Author Archives: Blog by Bogumił Kamiński

Swift as an Arrow.jl

By: Blog by Bogumił Kamiński

Re-posted from: https://bkamins.github.io/julialang/2020/11/06/arrow.html

Introduction

The Julia language is renowned for being swift (yet it is clearly not Swift).

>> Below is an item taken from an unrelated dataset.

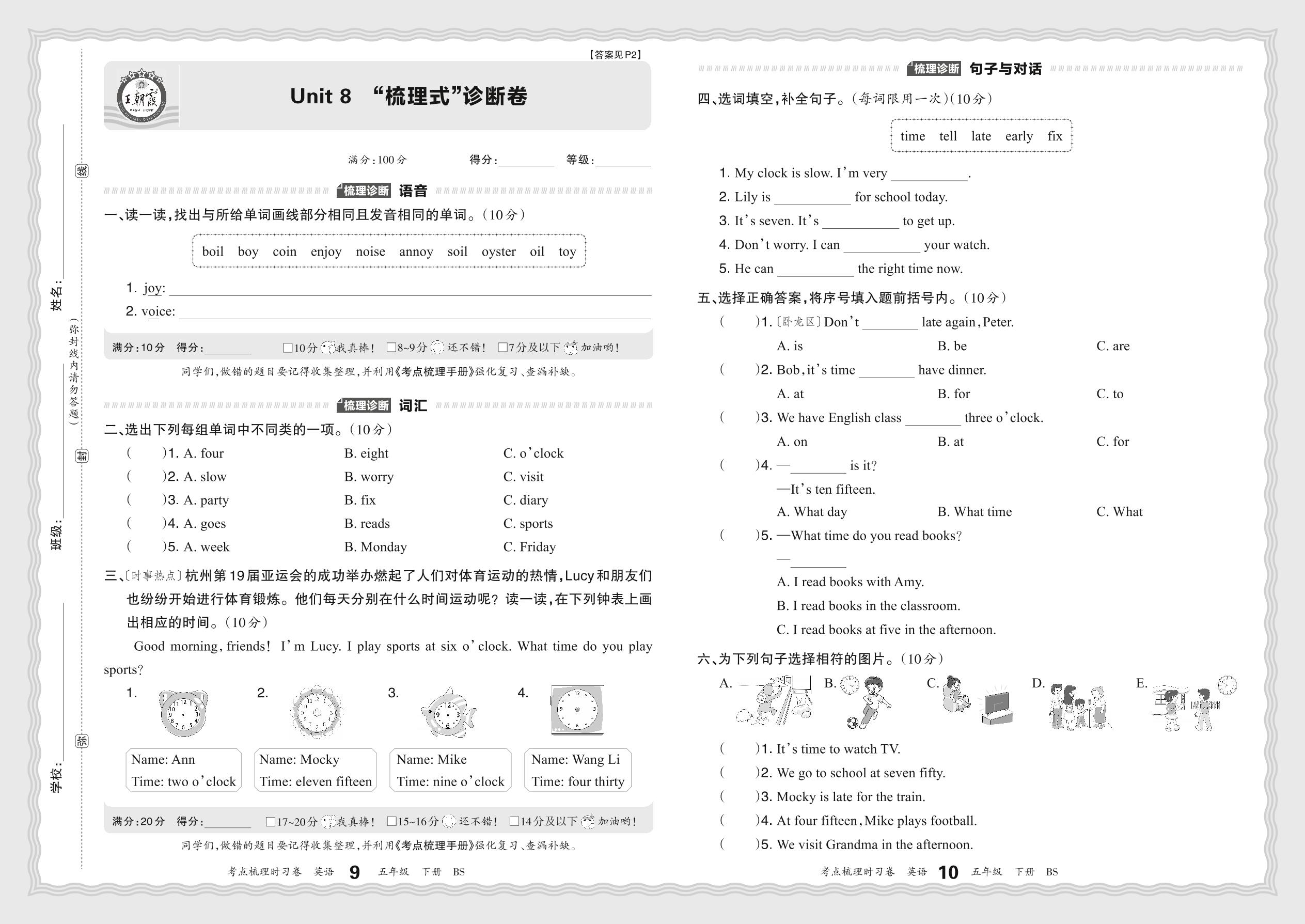 2024春下册五年级英语北师版 Unit 8 “梳理式”诊断卷

Recently its data reading and writing capabilities are ultra swift mainly
thanks to Jacob Quinn building on earlier efforts of ExpandingMan.

The game changer is Arrow.jl package which is not only fast, but also
it is an implementation of Apache Arrow format. This means that we have
a great format for in-memory and on-disk data exchange with C, C++, C#, Go, Java,
JavaScript, MATLAB, Python, R, Ruby, and Rust.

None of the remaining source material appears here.